* **Data shown**
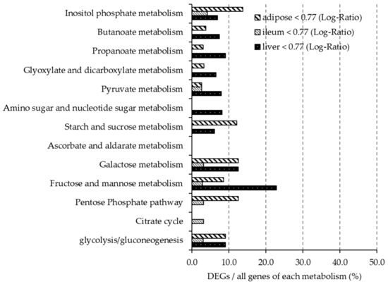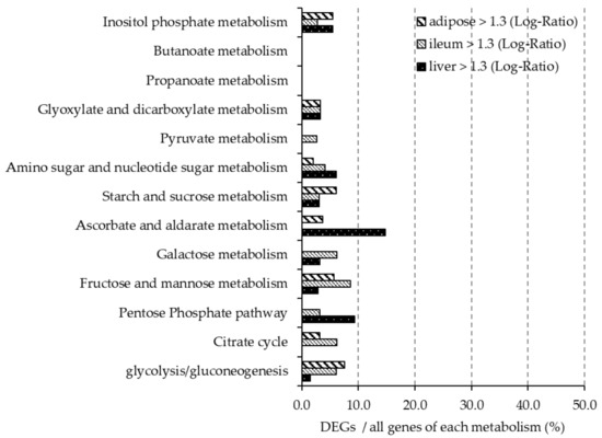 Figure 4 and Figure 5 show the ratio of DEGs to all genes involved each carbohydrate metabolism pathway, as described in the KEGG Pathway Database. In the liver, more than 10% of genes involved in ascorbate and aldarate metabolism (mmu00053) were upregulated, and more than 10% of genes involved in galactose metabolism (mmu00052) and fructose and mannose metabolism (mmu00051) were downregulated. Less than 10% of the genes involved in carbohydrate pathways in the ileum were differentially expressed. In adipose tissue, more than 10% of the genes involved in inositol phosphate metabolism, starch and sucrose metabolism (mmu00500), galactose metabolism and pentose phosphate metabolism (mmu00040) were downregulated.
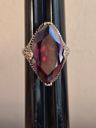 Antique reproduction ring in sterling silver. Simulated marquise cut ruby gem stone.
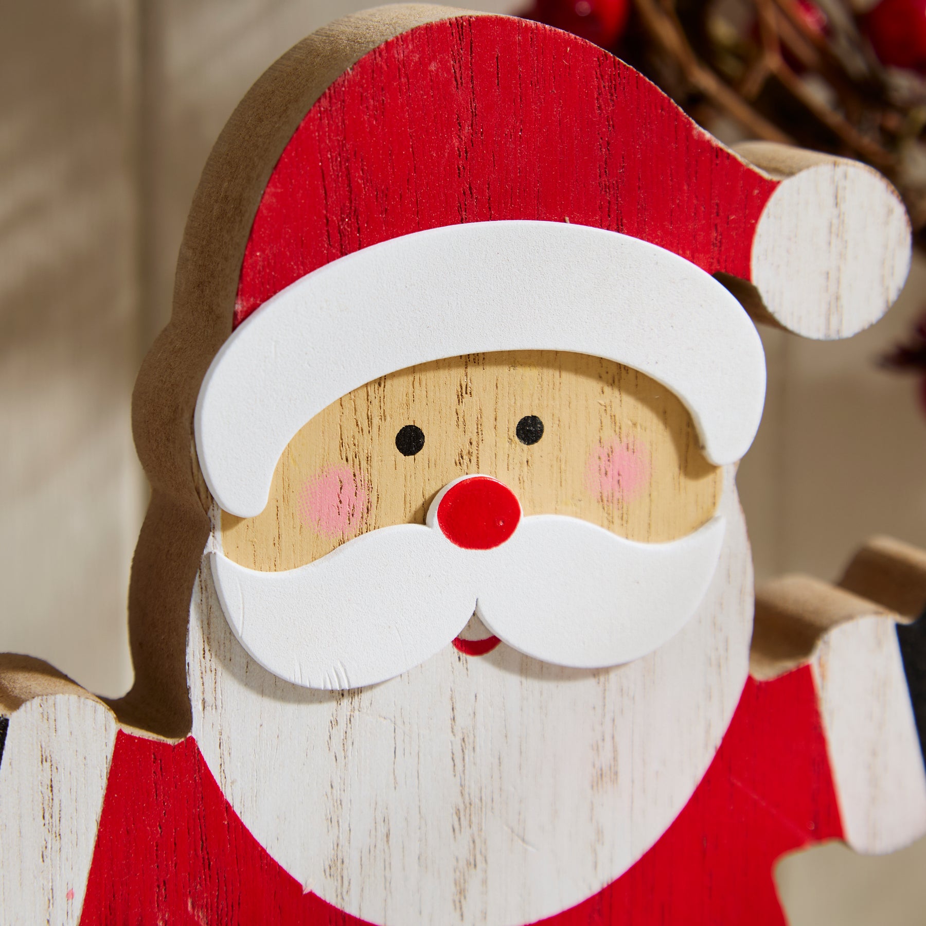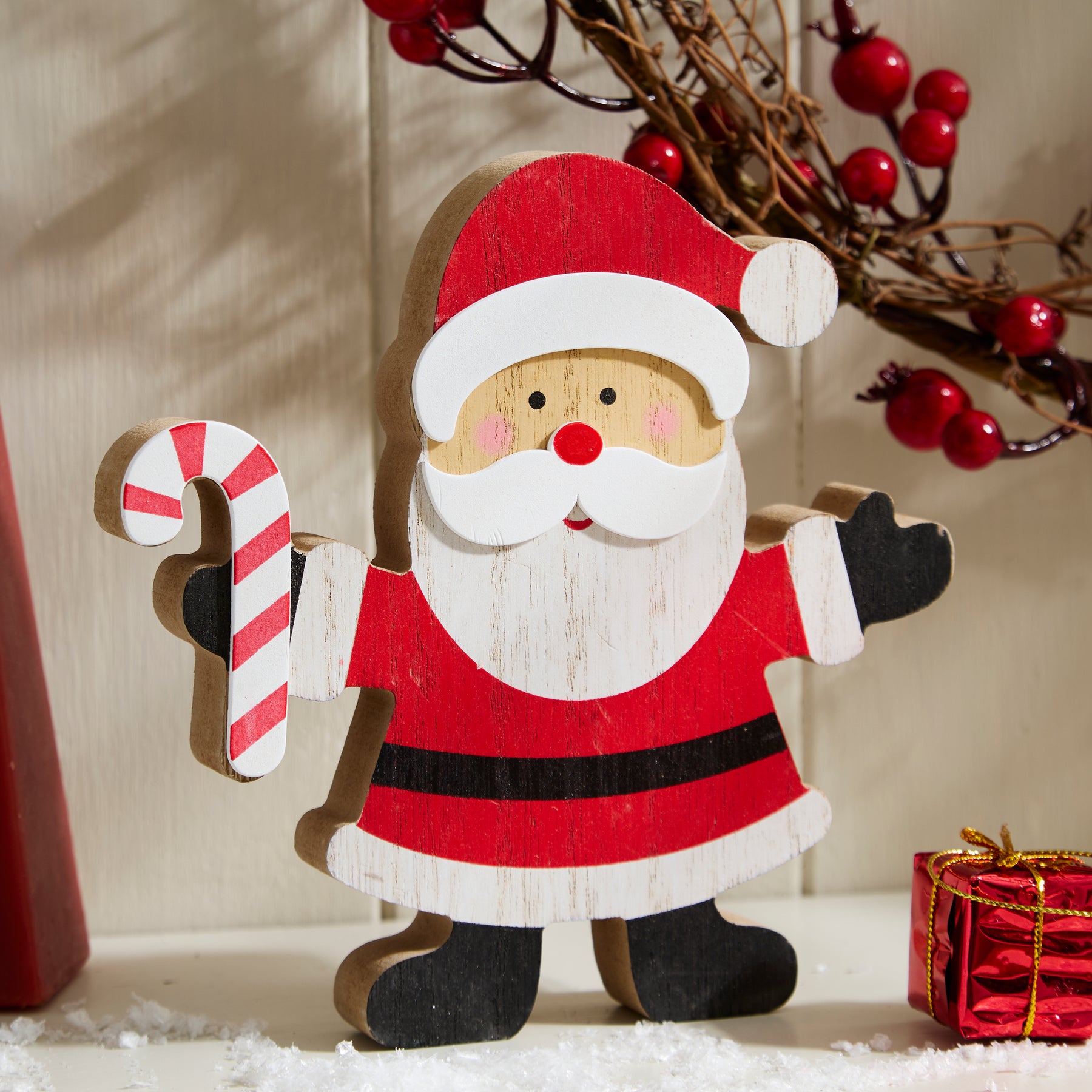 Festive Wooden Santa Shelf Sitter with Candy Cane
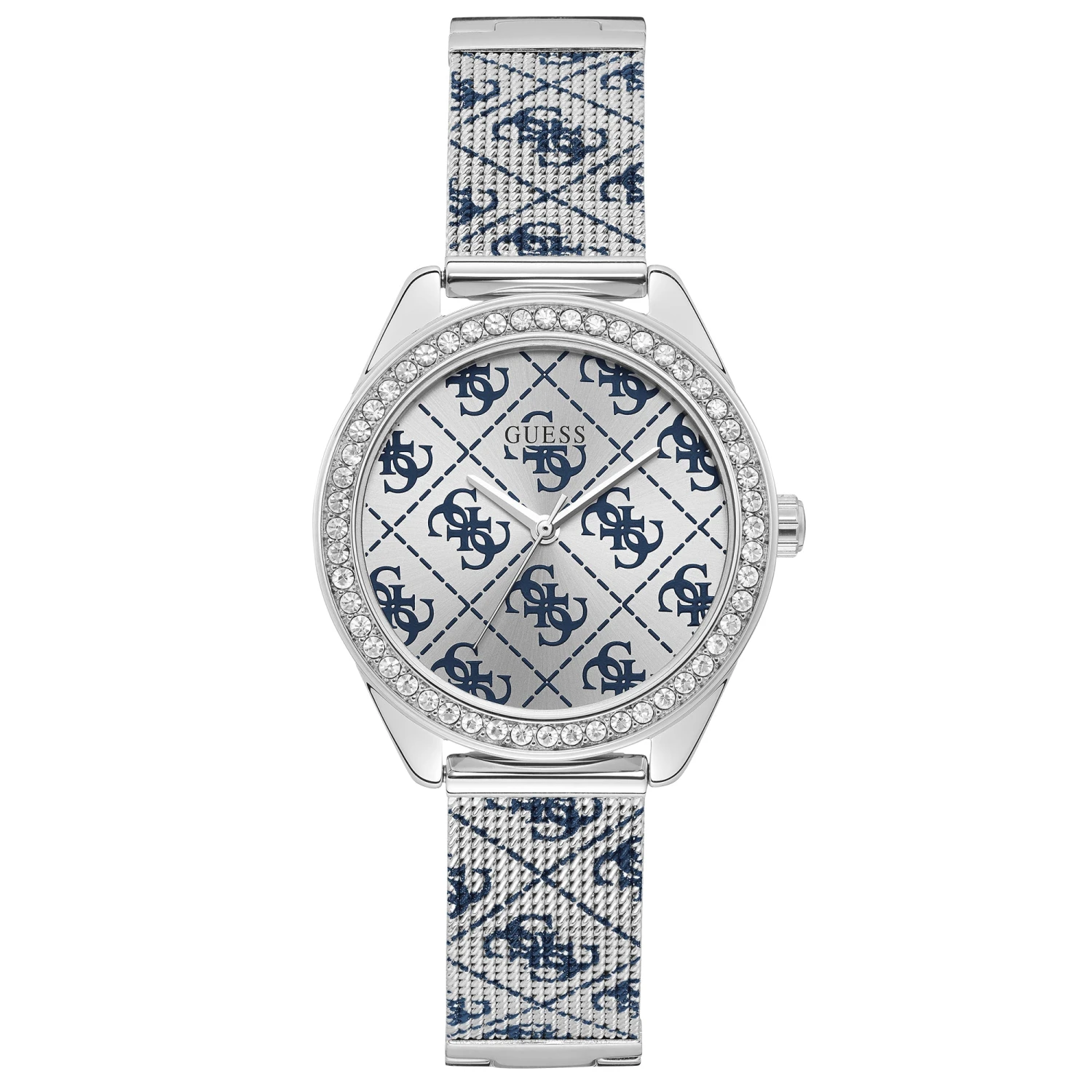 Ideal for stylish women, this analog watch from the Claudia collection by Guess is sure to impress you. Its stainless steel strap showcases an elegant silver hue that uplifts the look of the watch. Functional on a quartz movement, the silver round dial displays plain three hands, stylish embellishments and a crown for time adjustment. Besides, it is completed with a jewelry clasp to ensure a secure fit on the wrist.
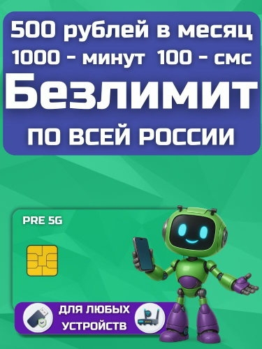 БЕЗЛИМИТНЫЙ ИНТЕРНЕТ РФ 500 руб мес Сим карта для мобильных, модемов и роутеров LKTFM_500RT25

==

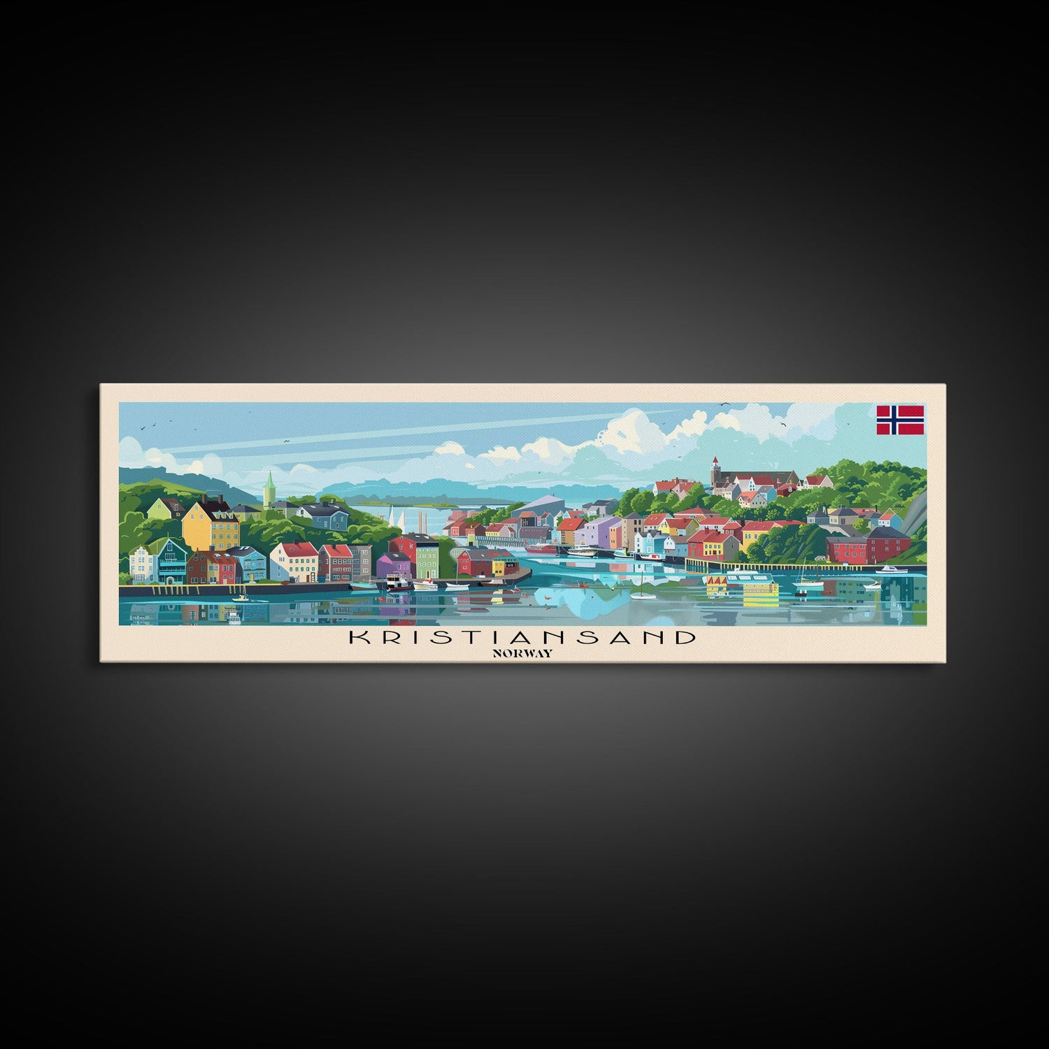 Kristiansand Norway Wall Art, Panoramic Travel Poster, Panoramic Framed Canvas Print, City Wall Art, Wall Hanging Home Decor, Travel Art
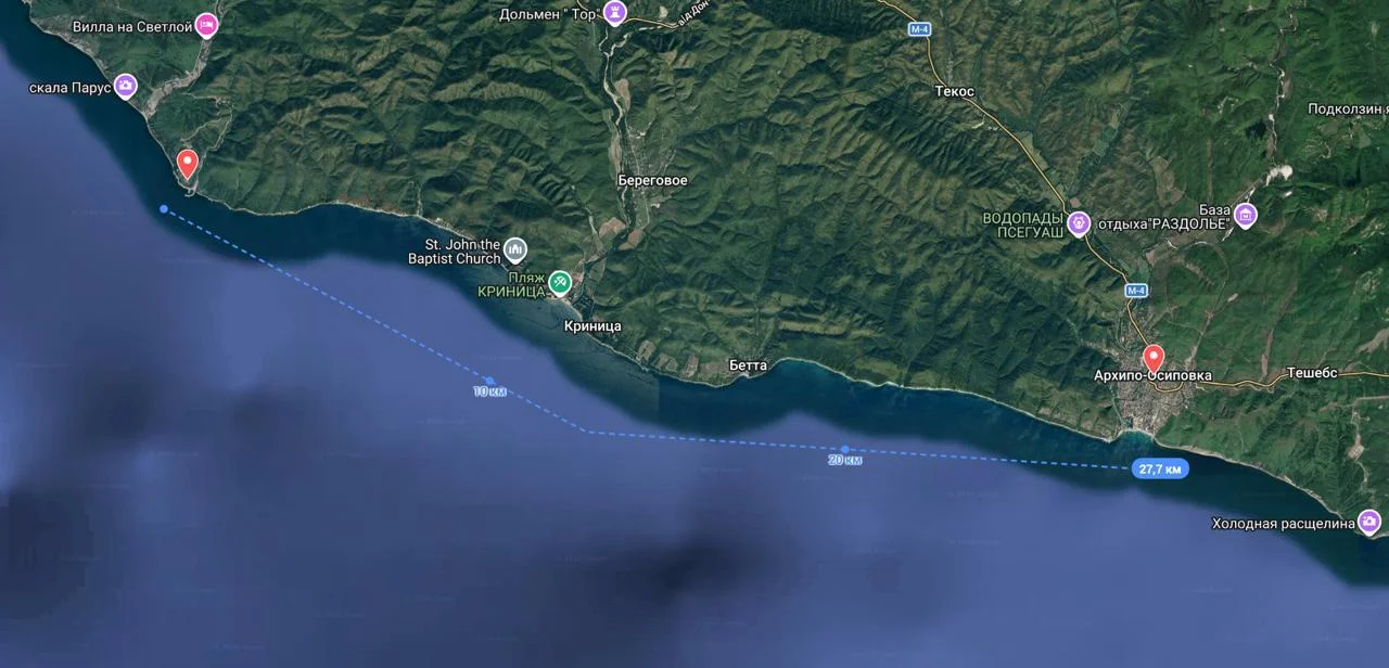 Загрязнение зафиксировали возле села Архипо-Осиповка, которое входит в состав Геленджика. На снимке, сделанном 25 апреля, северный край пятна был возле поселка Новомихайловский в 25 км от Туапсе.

* **What is being asked**
In the entries above, find the line with "Kristiansand Norway Wall" and the line with "Загрязнение зафиксировали возле". Write out exactly those two lines and every line between them, pictures excluded.

* **Exercise response**
 Kristiansand Norway Wall Art, Panoramic Travel Poster, Panoramic Framed Canvas Print, City Wall Art, Wall Hanging Home Decor, Travel Art
 Загрязнение зафиксировали возле села Архипо-Осиповка, которое входит в состав Геленджика. На снимке, сделанном 25 апреля, северный край пятна был возле поселка Новомихайловский в 25 км от Туапсе.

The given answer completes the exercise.